ケインと共に、連日徹夜で戦艦の修理をしていたのが祟ったようだ。
自分の家族まで消耗していく様を見て、いつまで戦いが続くんだよとこぼす拓人。
シャークは、ただ宗二郎と拓人に心の中で詫びるしかなかった。

戦艦から飛び出した拓人はブレアードと説得の件で相談していた。
誰も傷つけずに未来を変えられるはずだしなとブレアードも同意、サイクリードはさておいてもアクアルなら説得できるかも知れない。
危険すぎるからとシャークは反対していることをブレアードも知っているのだが
宗二郎もレミーも傷ついていく様を見て我慢できない拓人は、それに賭けるほかなかった。

そこへアクアルが現れる。
攻撃を浴びせかけるアクアルに説得はムリだなと拓人。
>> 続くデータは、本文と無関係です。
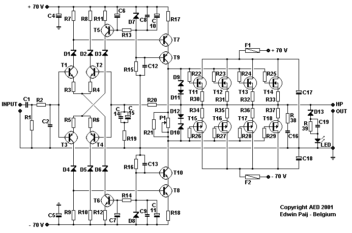 Les sources de courant de +/- 1 mA sont réalisées autour de T5 et T6. Les diodes D1 à D6 permettent l'utilisation de transistors à faible bruit de type BC550C et BC560C, les transistors T7 à T10 forment l'étage driver. Le potentiomètre P1 permet le réglage du courant de repos à 100 mA par transistor de sortie.

装着するのだが
彼女はブレアードと切り結び、宇宙へ帰りたいと愚痴をこぼす。
ようやく素直になりつつあったアクアルだったのだが、さらにサイクリードが現れる。
裏切りは許さんと凄むサイクリード。
スワン6を召還・高速移動でサイクリードと対峙するライオなのだが
そこへアドとケインも合流。 分が悪いと引き上げるサイクリード、続いてアクアル。


説得は出来ないんじゃないかと気の迷いが生じる拓人。
そこへパトラが現れ、最初からアクアルを信じていないから説得できないんだと叱る。
相手を信じないのにどうして説得できるのか?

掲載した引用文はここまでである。